The Simple Recurrent Network (SRN, Elman, 1989, 1990) can be thought of as an approximation to the fully recurrent networks such as BPTT and RTRL. Instead of backpropagating over the entire length of the sequence, it considers only the last timestep. While being faster (i.e. O(n2)) than either BPTT[4] or RTRL, it does not actively seek to maintain relevant information, but makes use of the information that is maintained by chance. Because the current state is a consequence of the preceding states, it is possible that relevant information will be retained until needed. In practice, this information is often lost before such time as the error signal can be generated. Without useful information in the form of hints being required on the outputs, the ability of the SRN to remember is limited to short study lists (Phillips, 1991).
Despite its limited nature the SRN has performed well on the language prediction tasks to which it has been applied (Elman, 1989, 1990). The hidden unit patterns that were chosen by the network formed a similarity landscape that was related to syntactic and semantic structure in the training corpus. In addition, the SRN developed the ability to decide upon a response (or response set) given the prior context. Furthermore, the network was able to retain information that could influence later encoding and predictions, such as pluralisation, over short time spans - a limited form of control. Because the SRN fulfills the learning criteria established earlier it was chosen as the learning mechanism of the HRN.
Current recurrent network models of human memory (Nolfi et al., 1990; Wiles & Phillips, 1991) attempt to learn to build a representation of the entire list. This representation requires training on a significant proportion of all possible lists in order to ensure generalisation (Wiles & Phillips, 1991). People, however, do not receive such extensive training. To perform the sorts of tasks people do routinely, a model must include a form of bias that circumvents this learning problem, that is, the model must learn to encode items not entire lists.
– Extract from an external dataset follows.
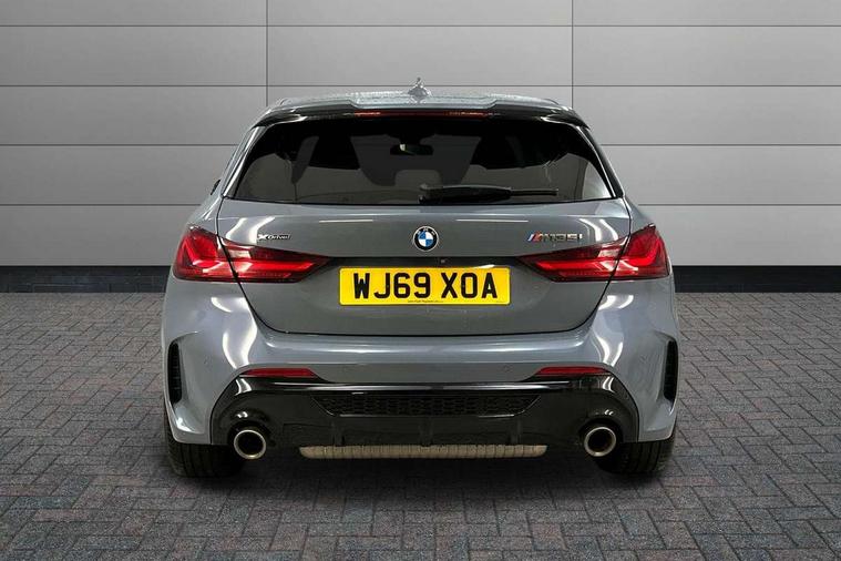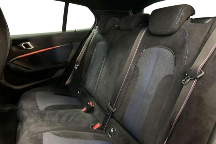 Active guard plus, Attentiveness assist, BMW Live Cockpit Professional sat nav system including 10.25" high resolution display and Intelligent Voice Assistant, BMW Online services, BMW Teleservices, Check Control warning system for monitoring of lights and door/luggage compartment open warning, Eco pro mode, Front/rear Parking distance control, Integrated owners handbook, M Sports steering, On board computer, Optimum shift indicator, Personal Profile, Pull away assistant, Speed limiter, Anti roll bar front and rear, Balancer shaft, Double VANOS, Drive Performance Control, Electronic differential lock, Engine cover with M performance designation, High precision injection, Larger fuel tank capacity (50 litres), Launch control, Petrol Particulate Filter, VALVETRONIC engine management, Bluetooth audio streaming, DAB Digital radio, Auto dimming rear view mirror, Body colour door handles, Cerium grey exterior mirror caps, Direction indicator side lights in exterior mirrors, Electric folding and anti dazzle exterior mirrors, Fading support, Follow me home headlights, Front and rear electric windows with open and close fingertip control, anti trap facility and comfort closing, Front door sill finishers with M135i designation, Green tinted heat protection glazing, Headlight beam throw control, High gloss shadow line exterior trim, High level third brake light, Kidney grille frame in Cerium Grey with Mesh design, LED daytime running lights, Lightweight engineering, M logo designation side in cerium grey, M performance exhaust system, M rear spoiler, Matt black air guide grilles, Matt black roof moulding, B pillar finisher and wheel arch trim, Matt black window frame, Model designation on right side of tailgate, Nearside reverse light in rear light cluster, Rain sensor including auto headlights activation, Rear fog lights, Rear window wiper, Round exhaust system with twin cerium grey tailpipes in left and right split, Shark fin antenna, Visible VIN plate, Welcome lighting, Windscreen wipers with integrated washing jets, 12V power socket in centre console, 2 cupholders in front centre console, 3 rear seat head restraints, 3 Spoke M sports leather steering wheel, Anthracite headlining, Anthracite Velour floor mats, Bag hook in luggage compartment, Child seat ISOFIX attachment for two outer rear seats and front passenger seat with anchorage points, Conditioned based service, Driver and front passenger seat heating, Driver side folding compartment in instrument panel, Folding rear clothes hook, Folding rear seats, Four grab handles integrated in roof lining, Front and rear door pockets, Front and rear side armrest integrated into door trim, Front Armrest foldable with integrated storage compartment, Front M seats, Glove compartment, Height adjustable front head restraints, Manual adjust steering wheel, Multi-function controls for steering wheel, Rear seat backrest with manual 60:40 split folding with 3 top tether clips integrated on rear of seat panels, Storage compartment in centre console, Sun visors with vanity mirrors and insert tab, Two extra lashing eyes in luggage compartment, Two zone automatic air conditioning, Connected pack professional - 1 Series, Extended Lighting pack - 1 Series, Extended storage pack - 1 Series, Interior lights pack - 1 Series, Luggage compartment pack - 1 Series, M Sport exterior styling aerodynamics pack - 1 Series 135i, 2 tone horn, 3 point seatbelts on all seats, front pyrotechnic belt tensioners, stopper and belt force limiters, rear coded belt buckles, Airbags - Front driver and passenger, front and rear head, front side, curtain head protection, Anti lock braking system (ABS) with brake assist, BMW emergency call, Brake drying, Braking readiness, Crash sensor activating central locking release, hazard warning lights, fuel cut off, interior lighting + activation of safety battery terminal clamp, Driver and front passenger seat belt security check, Dynamic stability control + (DSC+), Dynamic Traction Control - DTC, Electrically operated hand brake, Front passenger manual airbag deactivation, M Sport braking system, M sport seatbelt, Rear child proof door locks, Seatbelt warning, Side impact protection, Tyre pressure monitoring system, Warning triangle and first aid kit, Automatic drive away locking facility, Central locking switch for all doors, fuel filler cap and luggage compartment, Deadlocking function system to all doors, Locking wheel bolts, Remote control with integrated key with High-gloss Black inlay and M designation and 1 button for open/ close lock, window, open luggage compartment, Start/stop button with comfort go keyless engine start and auto start stop deactivation button, Thatcham Cat.1 alarm and immobiliser, Contrast stitching on instrument panel, 18" Burnished M double spoke Bi-colour alloy wheels finished in Cerium grey matt - style 556M, BMW mobility system, Reduced rolling resistance tyres,

While the recurrent activations are the only means by which information can be stored, however, they will continue to be used to store the sequence of items. One solution is to provide a separate mechanism that is capable of storing lists. Fortunately, such a mechanism has been the subject of research into human memory for several decades. In the following section, this literature is examined to find a mechanism suitable for inclusion into the SRN.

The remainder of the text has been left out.